Start of SOURCE DATA

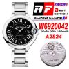 Ballon Bleu W69012Z4 42mm A2824 Automatic Mens Watch Best Edition AF Black Roman Dial Stainless Steel Bracelet
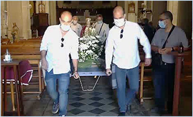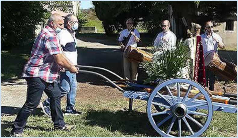 Marie est pieusement fleurie et véhiculée sur sa charrette.
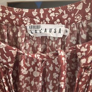 LACAUSA Dana Cotton Midi Dress Size Medium. Absolutely adorable. Reminds me of a Doen dress. Elastic at waist for perfect fit, including ties and elasticated sleeve ends. Please watch video sound on for description of flaws and see pictures :-) Enjoy!
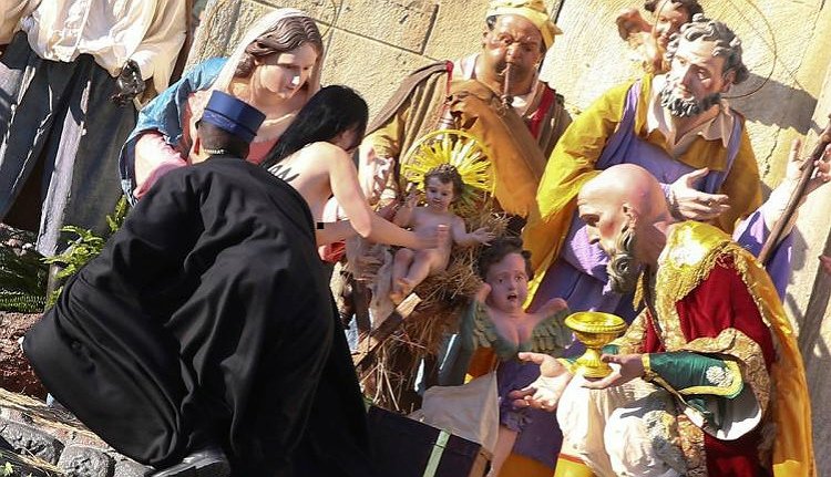 A szemtanúk szerint a FEMEN aktivistája átugrott a biztonsági korlátokon behatolt a területre, ahol a Jézus születését ábrázoló szoboregyüttest elhelyezték, és lecsapott a bölcsőben heverő kisdedre. Közben azt kiáltozta, hogy „Isten nő!”
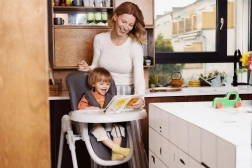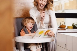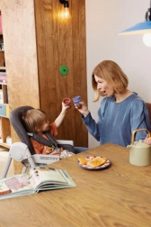 Der Kinderhochstuhl MoMi GOJO verfügt außerdem über ein zusätzliches Reduktionskissen für kleinere Kinder.
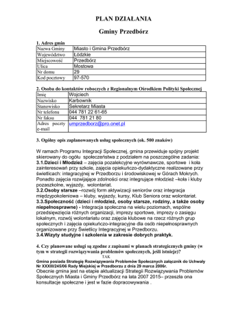 PLAN DZIAŁANIA Gminy Przedbórz 1. Adres gmin Nazwa Gminy Województwo Miejscowość Ulica Nr domu Kod pocztowy Miasto i Gmina Przedbórz Łódzkie Przedbórz Mostowa 29 97-570 2. Osoba do kontaktów roboczych z Regionalnym Ośrodkiem Polityki Społecznej Imię Wojciech Nazwisko Karbownik Stanowisko Sekretarz Miasta Nr telefonu 044 781 22 61-65 Nr faksu 044 781 21 80 Adres poczty [email protected] e-mail 3. Ogólny opis zaplanowanych usług społecznych (ok. 500 znaków) W ramach Programu Integracji Społecznej, gmina przewiduje spójny projekt skierowany do ogółu społeczeństwa z podziałem na poszczególne zadania: 3.1.Dzieci i Młodzież – zajęcia pozalekcyjne wyrównawcze, sportowe i koła zainteresowań przy szkole, zajęcia opiekuńczo-dydaktyczne realizowane przy świetlicach: integracyjnej w Przedborzu i środowiskowej w Górach Mokrych. Ponadto zajęcia rozwijające zdolności oraz integrujące młodzież –koła i kluby pozaszkolne, wyjazdy, wolontariat. 3.2.Osoby starsze –rozwój form aktywizacji seniorów oraz integracja międzypokoleniowa – kluby, wyjazdy, kursy, Klub Seniora oraz wolontariat. 3.3.Społeczność (dzieci i młodzież, osoby starsze, rodziny, a także osoby niepełnosprawne) - Integracja społeczna na wielu poziomach, wspólne przedsięwzięcia różnych organizacji, imprezy sportowe, imprezy o zasięgu lokalnym, rozwój wolontariatu oraz zajęcia klubowe na rzecz różnych grup społecznych i zajęcia opiekuńczo-integracyjne dla osób niepełnosprawnych organizowane przy Świetlicy Integracyjnej w Przedborzu. 3.4.Wizyty studyjne i szkolenia w zakresie dobrych praktyk. 4. Czy planowane usługi są zgodne z zapisami w planach strategicznych gminy (w tym w strategii rozwiązywania problemów społecznych, jeśli istnieje)? TAK Gmina posiada Strategię Rozwiązywania Problemów Społecznych załącznik do Uchwały Nr XXXIII/245/06 Rady Miejskiej w Przedborzu z dnia 29 marca 2006r. Obecnie gmina jest na etapie aktualizacji Strategii Rozwiązywania Problemów Społecznych Miasta i Gminy Przedbórz na lata 2007 2015– przeszła ona konsultacje społeczne i jest w fazie dopracowywania . Planowane przedsięwzięcia są zgodne z zapisami strategii, wypracowanymi metoda partycypacyjną i na warsztatach strategicznych z moderatorem: 1. Cel strategiczny Stworzenie dzieciom i młodzieży perspektyw rozwoju – Cele szczegółowe: 1.1.Rozszerzenie oferty zajęć pozalekcyjnych i pozaszkolnych ukierunkowanych na podniesienie wiedzy i umiejętności dzieci i młodzieży. 1.2.Rozszerzenie oferty zajęć pozalekcyjnych i pozaszkolnych ukierunkowanych na wzrost tożsamości lokalnej i integrację społeczną . 1.3.Zwiększenie możliwości uczestnictwa młodzieży w przedsięwzięciach organizowanych na terenie Gminy i poza nią: współpraca lokalna i międzynarodowa.. 2. Cel strategiczny Aktywizacja społeczna osób niepełnosprawnych Cele szczegółowe : 2.1.Zwiększenie ilości atrakcyjnych form spędzania wolnego czasu oraz umożliwiających rozwój dla osób niepełnosprawnych. 2.2.Zwiększenie dostępności dla osób niepełnosprawnych do form umożliwiających integrację społeczną. 2.3.Zwiększenie dostępności do usług opiekuńczych i medycznych, specjalistycznych. 3. Cel strategiczny Zwiększenie integracji międzypokoleniowej i zapewnienie samorozwoju oraz uczestnictwa w życiu społecznym osób starszych. Cele szczegółowe 3.1.Zwiększenie dostępności do usług edukacyjnych, opiekuńczych i medycznych dla osób starszych. 3.2.Zwiększenie ilości atrakcyjnych form spędzania wolnego czasu oraz umożliwiających rozwój dla seniorów. 3.3.Zwiększenie ilości form aktywnego uczestnictwa osób starszych w życiu Gminy (współdziałanie pomiędzy klubami i organizacjami młodzieżowymi, seniorami oraz innymi grupami społecznymi, wolontariat , samopomoc sąsiedzka etc). 4. Cel strategiczny Podniesienie poziomu integracji społecznej 4.1.Zwiększenie ilości przedsięwzięć angażujących różne grupy społeczne – imprezy o zasięgu lokalnym, wyjazdy, kursy, konkursy, organizacje zrzeszające różne grupy społeczne etc. 4.2.Angażowanie osób starszych w działalność społeczną – Klub Seniora ale i wykorzystanie umiejętności i doświadczenia zawodowego i życiowego seniorów na rzecz działań międzypokoleniowych. 4.3.Podniesienie aktywności społecznej mieszkańców na rzecz środowiska lokalnego. Jeśli NIE, proszę o wyjaśnienie rozbieżności. 5. Prognozowany harmonogram realizacji Planu Działania Główne etapy ROK 2008 ROK 2009 realizacji Planu Działania Kwartały I II III IV I Przygotowanie dokumentacji konkursowej X Ogłoszenie konkursu X X Rozstrzygnięcie konkursu i podpisanie umowy z usługodawcą X X II III IV Realizacja usług X X X X Monitoring i ewaluacja X X X X Rozliczenie i sprawozdawczość gminy X 6. Plan zapotrzebowania na środki finansowe TABELA 6.1. Rodzaje usług* zgodnie z podziałem w punkcie 3, np.: % kwoty objętej Planem Działania Kwota (w złotych) Usługi dla dzieci i młodzieży. 291.043,05 78,65 % Usługi dla osób starszych 23 000 6,22% Społeczność - usługi łączone dla różnych grup społecznych 40 000 10,81% Wsparcie szkoleniowe (szkolenia, warsztaty, wizyty studyjne, itp.) – do 10% alokacji 16 000 4,32% 370.043,05 100 % Razem: • • kurs Euro tabela NBP z 14.04.2008r. 73/A/NBP/2008 1€ = 3,4295 PLN kwota alokowana 107.900€ x 3,4295 PLN = 370.043,05 PLN TABELA 6.2. Podział kwot Kwota Kwota objęta Planem Działania Kwota pozostająca nadal w dyspozycji gminy RAZEM TABELA 6.3. Kwota w rozbiciu na kwartały* Kwartały Kwota (w złotych) zł % 370.043,05 100% 370.043,05 100% ROK 2008 I II - III RAZEM ROK 2009 IV I II III IV 180 000 65 000 65 000 60.043,05 370.043,05 7. Oświadczam, że informacje zawarte w niniejszym opisie usług społecznych są zgodne z prawdą. Wyrażam zgodę na udostępnienie niniejszego planu innym instytucjom oraz ekspertom dokonującym ewaluacji i oceny. Im
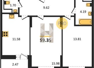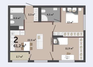 Продажа двухкомнатной квартиры, 61.3 м2, улица Академика Ландау, 9
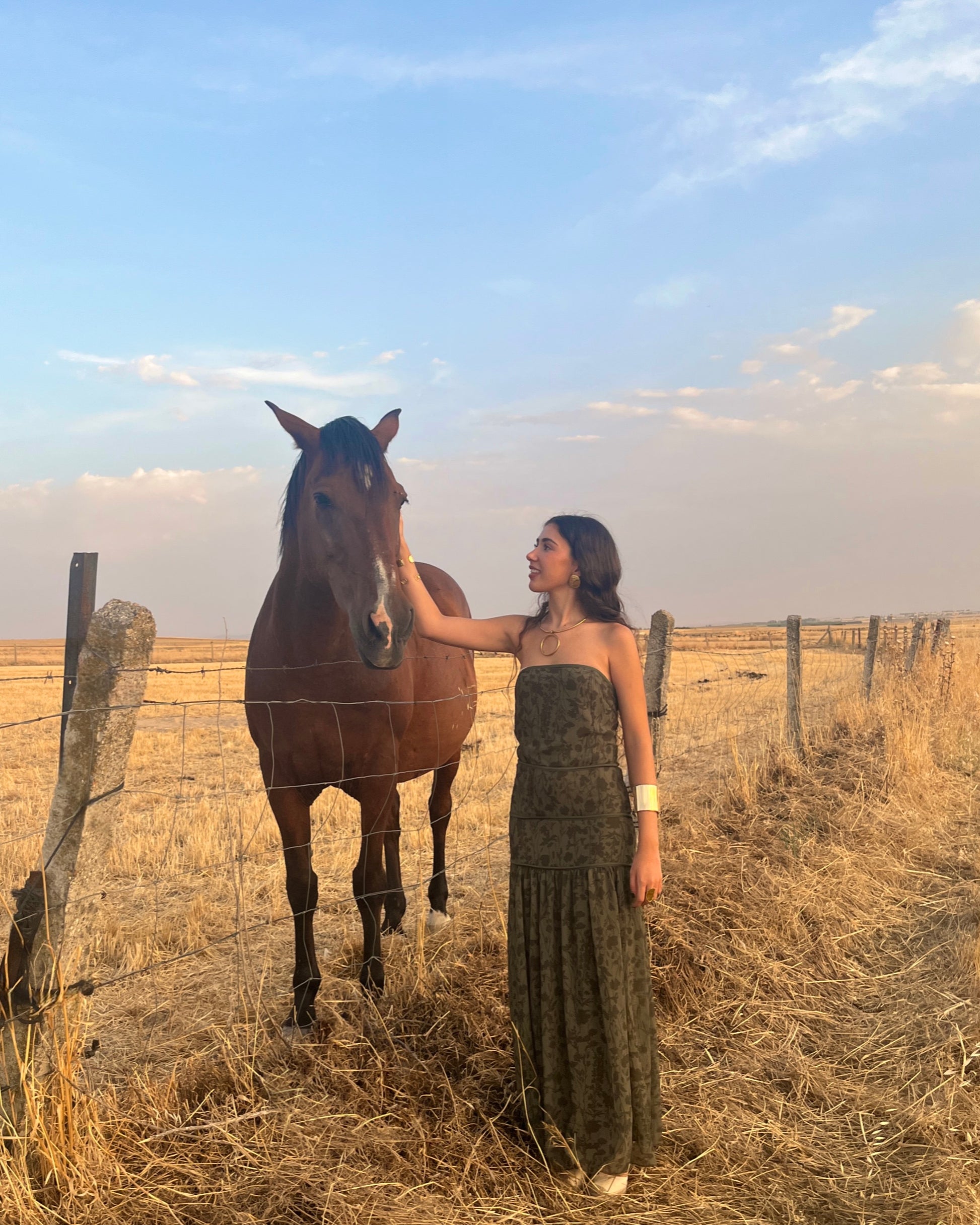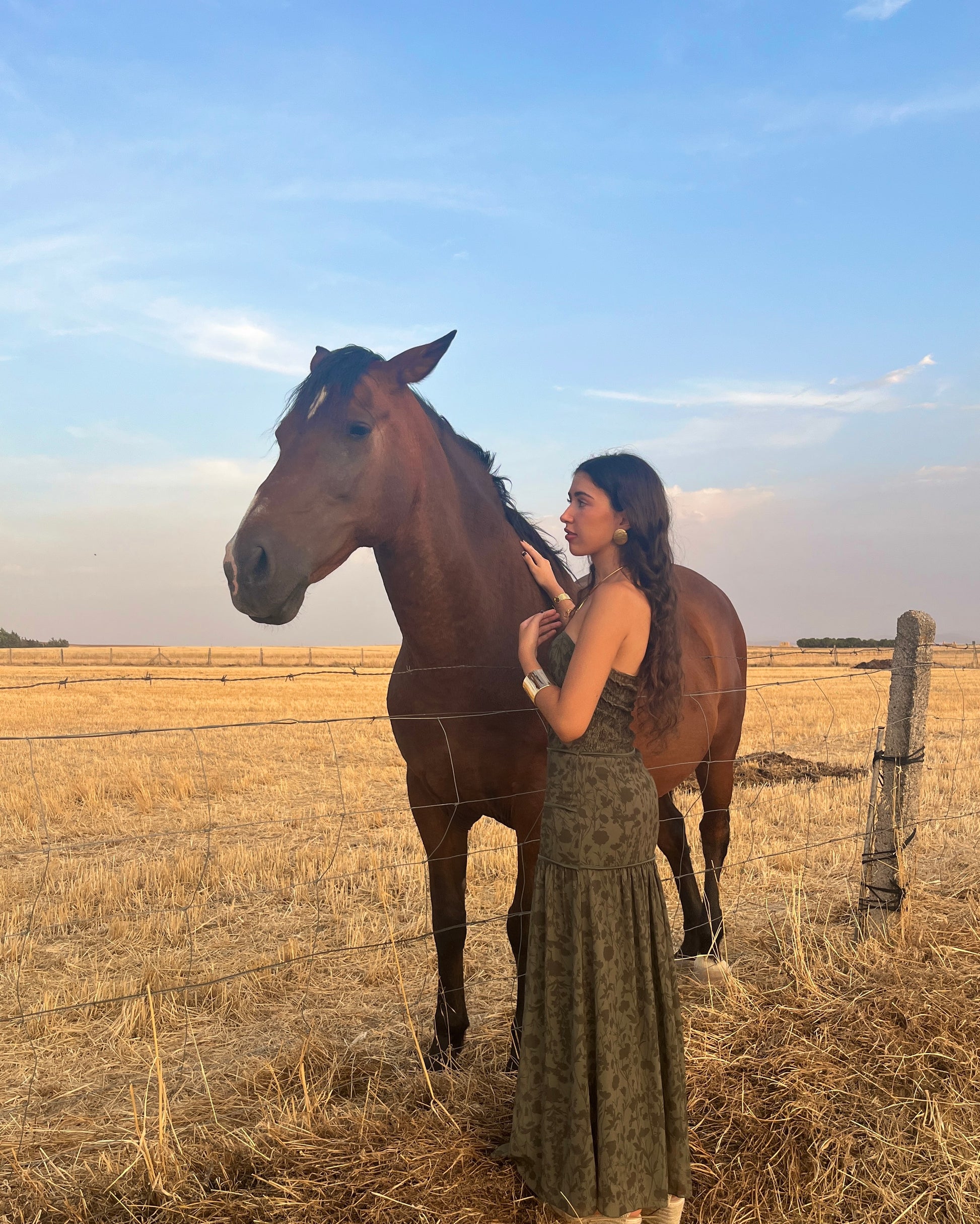 Vestido largo sin tirantes en color verde oliva, con estampado floral en tono más oscuro. Tiene corte recto en la parte superior y costura a la altura de la cintura que da paso a una falda amplia con caída fluida. El tejido es ligero y cómodo, ideal para todas las épocas del año.

End of SOURCE DATA

— ASSIGNMENT —
For the records above, output each one exactly and skip any image.

— RESPONSE AREA —
 Ballon Bleu W69012Z4 42mm A2824 Automatic Mens Watch Best Edition AF Black Roman Dial Stainless Steel Bracelet
 Marie est pieusement fleurie et véhiculée sur sa charrette.
 LACAUSA Dana Cotton Midi Dress Size Medium. Absolutely adorable. Reminds me of a Doen dress. Elastic at waist for perfect fit, including ties and elasticated sleeve ends. Please watch video sound on for description of flaws and see pictures :-) Enjoy!
 A szemtanúk szerint a FEMEN aktivistája átugrott a biztonsági korlátokon behatolt a területre, ahol a Jézus születését ábrázoló szoboregyüttest elhelyezték, és lecsapott a bölcsőben heverő kisdedre. Közben azt kiáltozta, hogy „Isten nő!”
 Der Kinderhochstuhl MoMi GOJO verfügt außerdem über ein zusätzliches Reduktionskissen für kleinere Kinder.
 PLAN DZIAŁANIA Gminy Przedbórz 1. Adres gmin Nazwa Gminy Województwo Miejscowość Ulica Nr domu Kod pocztowy Miasto i Gmina Przedbórz Łódzkie Przedbórz Mostowa 29 97-570 2. Osoba do kontaktów roboczych z Regionalnym Ośrodkiem Polityki Społecznej Imię Wojciech Nazwisko Karbownik Stanowisko Sekretarz Miasta Nr telefonu 044 781 22 61-65 Nr faksu 044 781 21 80 Adres poczty [email protected] e-mail 3. Ogólny opis zaplanowanych usług społecznych (ok. 500 znaków) W ramach Programu Integracji Społecznej, gmina przewiduje spójny projekt skierowany do ogółu społeczeństwa z podziałem na poszczególne zadania: 3.1.Dzieci i Młodzież – zajęcia pozalekcyjne wyrównawcze, sportowe i koła zainteresowań przy szkole, zajęcia opiekuńczo-dydaktyczne realizowane przy świetlicach: integracyjnej w Przedborzu i środowiskowej w Górach Mokrych. Ponadto zajęcia rozwijające zdolności oraz integrujące młodzież –koła i kluby pozaszkolne, wyjazdy, wolontariat. 3.2.Osoby starsze –rozwój form aktywizacji seniorów oraz integracja międzypokoleniowa – kluby, wyjazdy, kursy, Klub Seniora oraz wolontariat. 3.3.Społeczność (dzieci i młodzież, osoby starsze, rodziny, a także osoby niepełnosprawne) - Integracja społeczna na wielu poziomach, wspólne przedsięwzięcia różnych organizacji, imprezy sportowe, imprezy o zasięgu lokalnym, rozwój wolontariatu oraz zajęcia klubowe na rzecz różnych grup społecznych i zajęcia opiekuńczo-integracyjne dla osób niepełnosprawnych organizowane przy Świetlicy Integracyjnej w Przedborzu. 3.4.Wizyty studyjne i szkolenia w zakresie dobrych praktyk. 4. Czy planowane usługi są zgodne z zapisami w planach strategicznych gminy (w tym w strategii rozwiązywania problemów społecznych, jeśli istnieje)? TAK Gmina posiada Strategię Rozwiązywania Problemów Społecznych załącznik do Uchwały Nr XXXIII/245/06 Rady Miejskiej w Przedborzu z dnia 29 marca 2006r. Obecnie gmina jest na etapie aktualizacji Strategii Rozwiązywania Problemów Społecznych Miasta i Gminy Przedbórz na lata 2007 2015– przeszła ona konsultacje społeczne i jest w fazie dopracowywania . Planowane przedsięwzięcia są zgodne z zapisami strategii, wypracowanymi metoda partycypacyjną i na warsztatach strategicznych z moderatorem: 1. Cel strategiczny Stworzenie dzieciom i młodzieży perspektyw rozwoju – Cele szczegółowe: 1.1.Rozszerzenie oferty zajęć pozalekcyjnych i pozaszkolnych ukierunkowanych na podniesienie wiedzy i umiejętności dzieci i młodzieży. 1.2.Rozszerzenie oferty zajęć pozalekcyjnych i pozaszkolnych ukierunkowanych na wzrost tożsamości lokalnej i integrację społeczną . 1.3.Zwiększenie możliwości uczestnictwa młodzieży w przedsięwzięciach organizowanych na terenie Gminy i poza nią: współpraca lokalna i międzynarodowa.. 2. Cel strategiczny Aktywizacja społeczna osób niepełnosprawnych Cele szczegółowe : 2.1.Zwiększenie ilości atrakcyjnych form spędzania wolnego czasu oraz umożliwiających rozwój dla osób niepełnosprawnych. 2.2.Zwiększenie dostępności dla osób niepełnosprawnych do form umożliwiających integrację społeczną. 2.3.Zwiększenie dostępności do usług opiekuńczych i medycznych, specjalistycznych. 3. Cel strategiczny Zwiększenie integracji międzypokoleniowej i zapewnienie samorozwoju oraz uczestnictwa w życiu społecznym osób starszych. Cele szczegółowe 3.1.Zwiększenie dostępności do usług edukacyjnych, opiekuńczych i medycznych dla osób starszych. 3.2.Zwiększenie ilości atrakcyjnych form spędzania wolnego czasu oraz umożliwiających rozwój dla seniorów. 3.3.Zwiększenie ilości form aktywnego uczestnictwa osób starszych w życiu Gminy (współdziałanie pomiędzy klubami i organizacjami młodzieżowymi, seniorami oraz innymi grupami społecznymi, wolontariat , samopomoc sąsiedzka etc). 4. Cel strategiczny Podniesienie poziomu integracji społecznej 4.1.Zwiększenie ilości przedsięwzięć angażujących różne grupy społeczne – imprezy o zasięgu lokalnym, wyjazdy, kursy, konkursy, organizacje zrzeszające różne grupy społeczne etc. 4.2.Angażowanie osób starszych w działalność społeczną – Klub Seniora ale i wykorzystanie umiejętności i doświadczenia zawodowego i życiowego seniorów na rzecz działań międzypokoleniowych. 4.3.Podniesienie aktywności społecznej mieszkańców na rzecz środowiska lokalnego. Jeśli NIE, proszę o wyjaśnienie rozbieżności. 5. Prognozowany harmonogram realizacji Planu Działania Główne etapy ROK 2008 ROK 2009 realizacji Planu Działania Kwartały I II III IV I Przygotowanie dokumentacji konkursowej X Ogłoszenie konkursu X X Rozstrzygnięcie konkursu i podpisanie umowy z usługodawcą X X II III IV Realizacja usług X X X X Monitoring i ewaluacja X X X X Rozliczenie i sprawozdawczość gminy X 6. Plan zapotrzebowania na środki finansowe TABELA 6.1. Rodzaje usług* zgodnie z podziałem w punkcie 3, np.: % kwoty objętej Planem Działania Kwota (w złotych) Usługi dla dzieci i młodzieży. 291.043,05 78,65 % Usługi dla osób starszych 23 000 6,22% Społeczność - usługi łączone dla różnych grup społecznych 40 000 10,81% Wsparcie szkoleniowe (szkolenia, warsztaty, wizyty studyjne, itp.) – do 10% alokacji 16 000 4,32% 370.043,05 100 % Razem: • • kurs Euro tabela NBP z 14.04.2008r. 73/A/NBP/2008 1€ = 3,4295 PLN kwota alokowana 107.900€ x 3,4295 PLN = 370.043,05 PLN TABELA 6.2. Podział kwot Kwota Kwota objęta Planem Działania Kwota pozostająca nadal w dyspozycji gminy RAZEM TABELA 6.3. Kwota w rozbiciu na kwartały* Kwartały Kwota (w złotych) zł % 370.043,05 100% 370.043,05 100% ROK 2008 I II - III RAZEM ROK 2009 IV I II III IV 180 000 65 000 65 000 60.043,05 370.043,05 7. Oświadczam, że informacje zawarte w niniejszym opisie usług społecznych są zgodne z prawdą. Wyrażam zgodę na udostępnienie niniejszego planu innym instytucjom oraz ekspertom dokonującym ewaluacji i oceny. Im
 Продажа двухкомнатной квартиры, 61.3 м2, улица Академика Ландау, 9
 Vestido largo sin tirantes en color verde oliva, con estampado floral en tono más oscuro. Tiene corte recto en la parte superior y costura a la altura de la cintura que da paso a una falda amplia con caída fluida. El tejido es ligero y cómodo, ideal para todas las épocas del año.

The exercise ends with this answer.